In reality, it was more like “Mother-trucker! That hurt!!! @#^%@#%”
I don’t know about you, but I have this ongoing dialog in my head about why that is. I mean, “Hey, can you please beat up on me” is not what I’d call a common internal or external discussion to have. And yet…I think it has something to do with pulling everything in to being in the moment… and that moment only. It’s incredibly powerful. There isn’t a single thing outside that space that is going through my head in that moment.
It’s anticipation of the SWOOSH.
Then, anticipation of the connection.
Then I know. I just know that that sensation of the sting is headed for my head. It’s like watching a train wreck you just can’t look away from. It’s something you know is going to happen. But it happens in this slow motion thing where the world slows down and speeds up, all at once.

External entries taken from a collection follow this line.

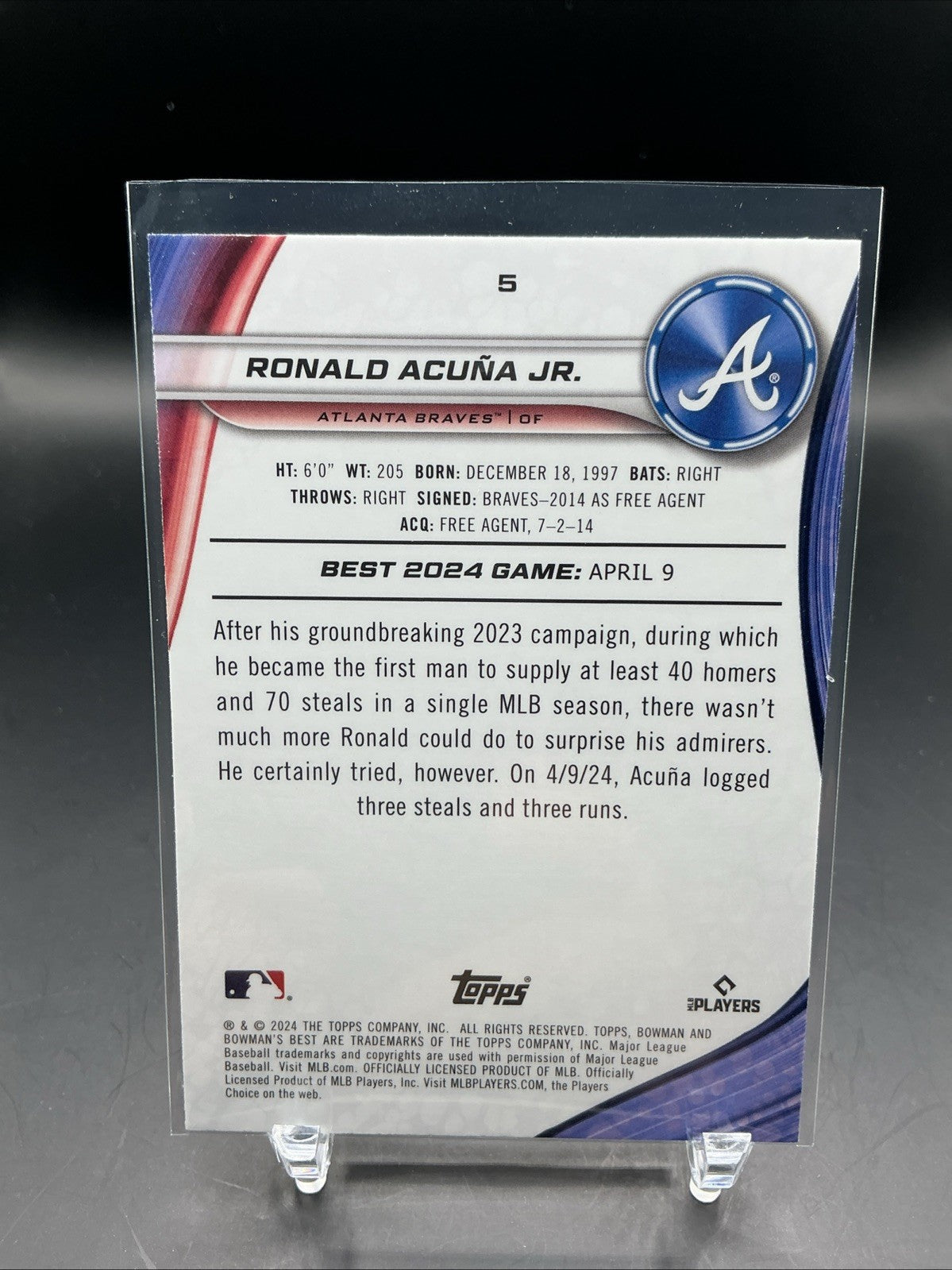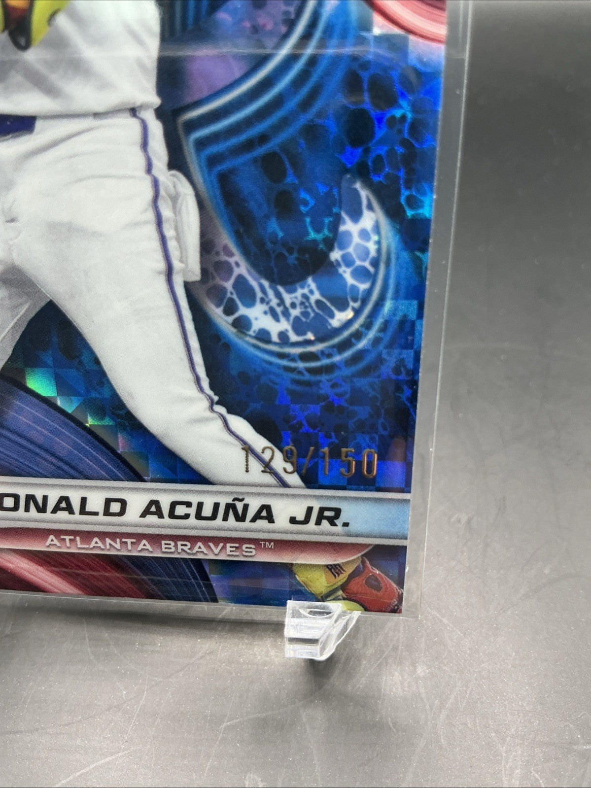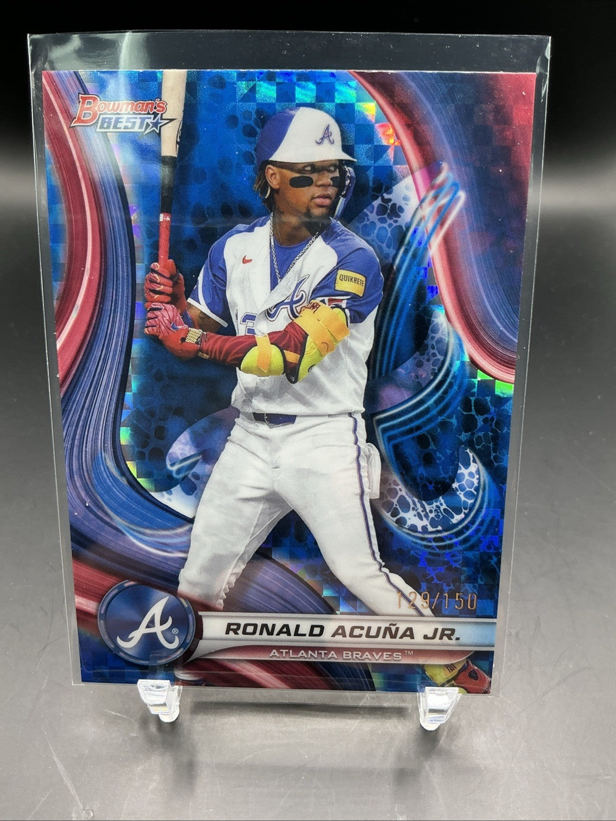 The product is a 2024 Bowman's Best Ronald Acuna Jr. Blue Checker Refractor trading card, numbered out of 150, featuring the Atlanta Braves player. This original card is made of card stock with a 35 Pt. thickness, and is part of the Blue Refractor insert set. manufactured by Topps, this baseball trading card is a parallel variety that is serial numbered and comes in English language. It is a valuable collectible item for fans of Major League Baseball and collectors of sports trading cards.
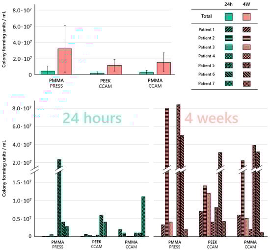 There was significantly more microbial growth on all specimens after four weeks than after 24 h (p ≤ 0.004). Higher total bacterial counts as well as larger standard deviations were identified on the specimens fabricated from conventionally processed PMMA than on the other two materials, but no statistically significant differences (p ≥ 0.211) between the three materials were determined (Figure 3).
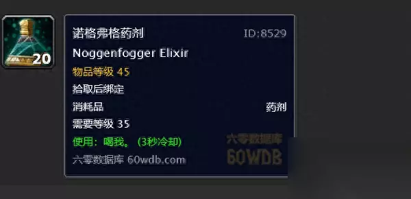 使用:变身为敌对阵营(冷却30分钟) 获取方法:世界掉落 简介:很出名的收藏类饰品,价格通常都比较高,如果你不差钱的话可以买一个偶尔得瑟下 5.诺格弗格药剂
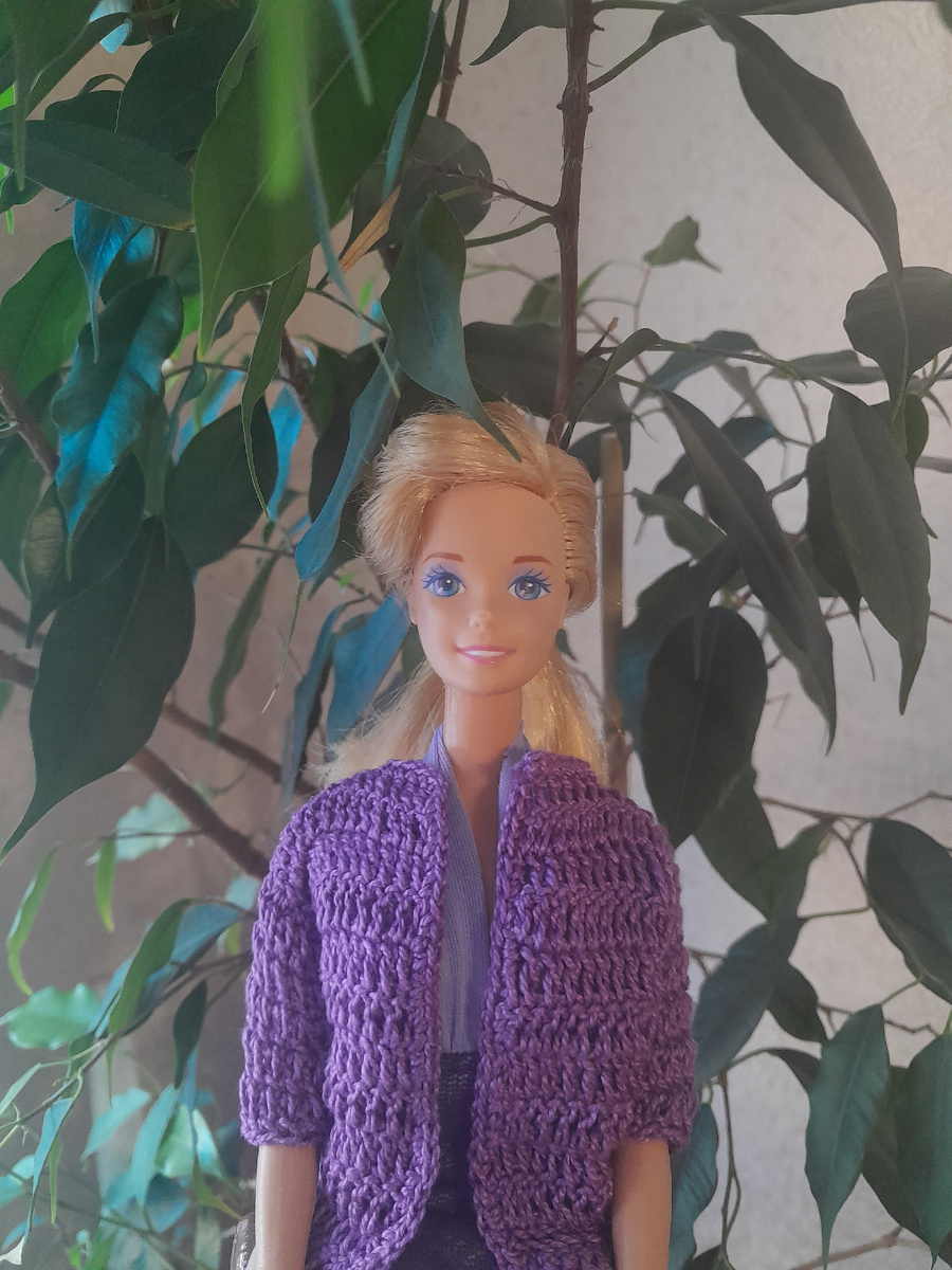 Малышку (наверняка не знаю, кто она, скорее всего, дочка Сэнди или другого аналога из 90-х) помыла, нарядила и связала шапочку. Резина у головы очень тоненькая, боюсь даже пробовать прошивать, а паричок сразу добавляет ненужный объем. Может, сделать прядки или косички, которые выглядывают из-под шапочки🤔
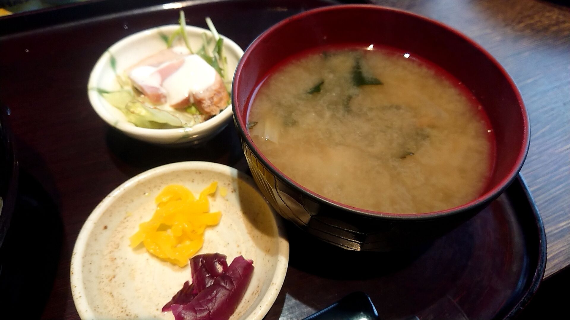 味噌汁にお漬け物と小鉢付き。

And as soon as the impact is over. Within a second or two even, you want to give more. To make it possible to have more taken from you.
Sometimes in that moment, that “please take more” moment, I find myself flipping around and looking at myself from the outside in. It’s one of those “what is the deal with you anyway?!?” things.
But then I see her eyes. I see her smile. It’s not a maniacal smile or a cutting or evil look in her eyes. It’s energy. It’s lust. It’s trust. It’s control. It’s pushing. It’s feeding off me, off her. But it’s this overflowing energy that helps you know that you, as the /s/ in the D/s relationship right at that instant – you’re doing a good thing and you’re doing what you should be.
It’s a huge rush and it pulls you forward, it makes you crave giving it. It makes you crave her taking it. It makes you want more and more. It’s powerful.
The same is true of other marks – biting, hickeys, scratches. I feel like I’m not actually this massive masochist (I’m sure some are shaking their heads and laughing… yeah, right), but that whole transaction that takes place between a willingness to provide, and a willingness to TAKE by force. It’s this incredibly powerful thing between people, between her and me.
The rest of the world can melt away in a flash and the only thing left standing is this massive ball of energy flowing back and forth, into and out of the two of us in that moment.
THAT is what my brain is talking about. THAT is what is being romanticized, at least for me, in this D/s relationship.